The old army truck is nowhere to be seen. Four men sit in tattered and ripped aluminum woven lawn chairs under a dead palm tree. The sun is low enough in the afternoon sky now that the dead trees and buildings afford them a little shade. In one chair, I see Felix. I assume the others are his boys. As I approach, he waves me over. “Sammy, boy, was it like I said?”
“Worse man, what the fuck? It’s like this now everywhere?”
“Yeah man,” he stares at the burned grasses under his feet. “While you was all up in Janie’s shit, hanging out in your love shack, we been in a war brother. It’s like this every day. We are at war. What the fuck did you live on the last couple of months?”
Standing before them, still on the gravel path that would take me home, I answer, “When I saw it was going bad quick, I took what money I had and bought a shit-ton of canned food and bottled water. I stayed to myself the past few months. Eating little, a can of beans or corn a day and as little water as I could to stay alive. Jane is in worse shape than me. I’ve got to find her some water. I’m sure her kidneys are fucked up… we may be nearing the end now, huh?”
Felix looks at me, more seriously than I’ve seen him before. “You told me once at the bar you could drive a truck, right?”
“Yeah man, I’m a regular concrete fucking cowboy, why?”
Felix says, “We can use you. Wait till the rest of the boys get back. I’ll hook you up with a gallon. You in, right? You hang with us. We’ll get you all the water you need. We’re sitting here now, counting the trucks coming by. “Hector here,” and he points at a skinny kid in the chair next to his, “he has the tankers and contents all figured out.
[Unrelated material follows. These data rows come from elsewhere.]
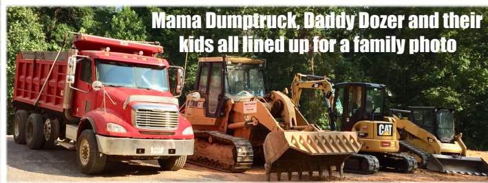
Mama Dumptruck, Daddy Dozer and their kids all lined up for a family photo
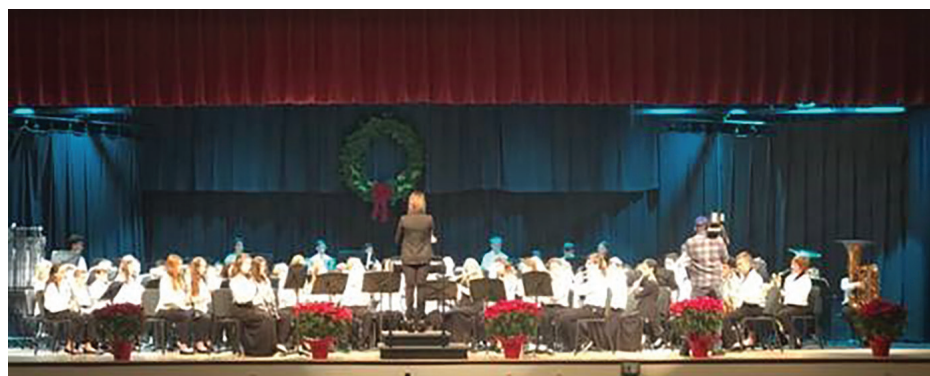
Center Moriches Middle School Band placed first in News 12's annual Sounds of the Season competition, held last month.
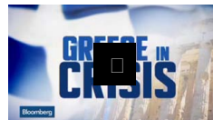
Greece's Varoufakis to Quit if Cuts OK'd
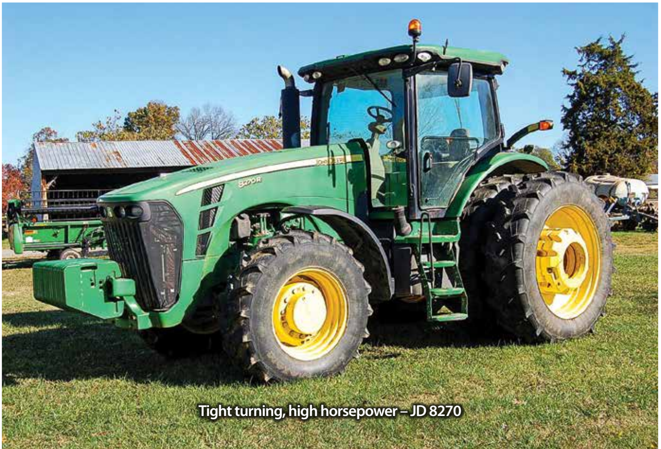
Tight turning, high horsepower – JD 8270

Sale Site Address: 2788 Pike Farm Rd. – Staley, NC – NOTE: Equipment will be @ farm location in Liberty, NC & will be moved to sale location - Staley, NC week of sale.
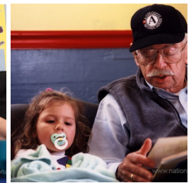
Veterans and Military Families

Organizations that intend to operate in only one state must apply through the Kansas Volunteer Commission. Organizations that propose to operate AmeriCorps programs in more than one state or territory should apply directly to the Corporation for National and Community Service (CNCS). Federally-recognized Indian Tribes may apply to either the KVC or CNCS.
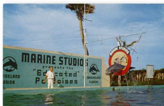
Dolphin leaping through a hoop at Marine Studios
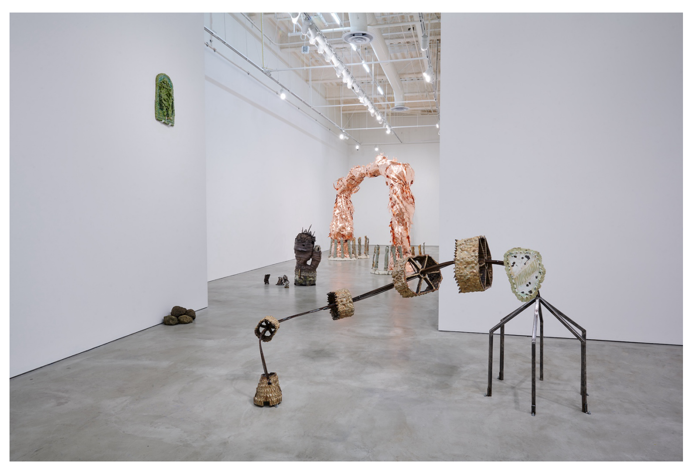
Fig.3 Installation Shot of The Showings (In sequence furthest to the front then back: Showing #2(right), Showing #3(on wall), Showing #4(center), and Showing #5(back))
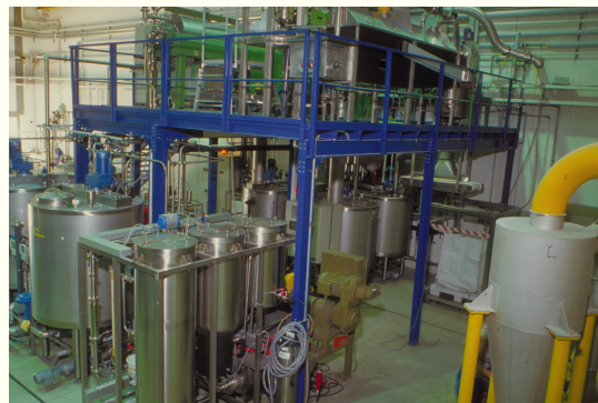
Fig.1: General view of the Fraunhofer pilot plant

The success of increasing the use of plant proteins into non-food applications is mainly determined through the availability of processes for functionalizing proteins by chemical or physico-chemical modification.
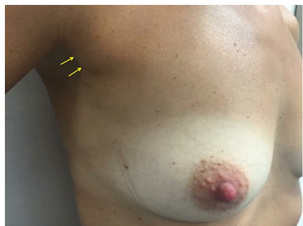
Figure 1 – On examination a small fixed palpable lump was detected on the right anterior axillary line near the axilla (arrows). The adjacent skin surface had no change.

On physical examination, a small fixed and painless palpable lump was detected on her right anterior axillary line near the axilla (Fig. 1). There were no changes in the adjacent skin surface and absence of nipple or areolar complex. No palpable
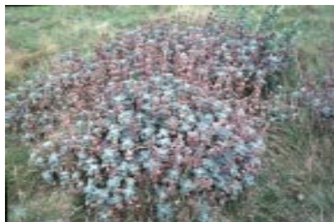
Figure 1. Horehound plants with burrs.

Habit/lifeform: Horehound is an erect perennial herb ( Figure 1 ), or spreading bushy aromatic perennial herb (and has a similar shape and form to lavender).

They don’t mark them like they used to, but he knows the system now. You hang with us. You’ll be fat with water, you and your sweet Janie.”
About half an hour later, the army truck returns.
The conversation while waiting was a mix of how did this happen? Is the government coming to help us? Can we get anywhere east alive…
Felix goes to the back and pulls out a bag. In it are a couple of cans of beans and two one-gallon milk jugs filled with dirty water and a 9mm pistol. “You better go if you’re going, Sammy. Be back here in the morning. You’ll have all the water you want in the afternoon, but you better run your ass home now. They’ll kill a motherfucker for a gallon of water and not even blink.”
I take the bag with the offered gifts, or bribe, or prepayment, I wasn’t sure. I knew Janie needed water, and I needed water, and the beans would be a feast. I thank Felix and do a quick jog back to Janie’s through the cemetery.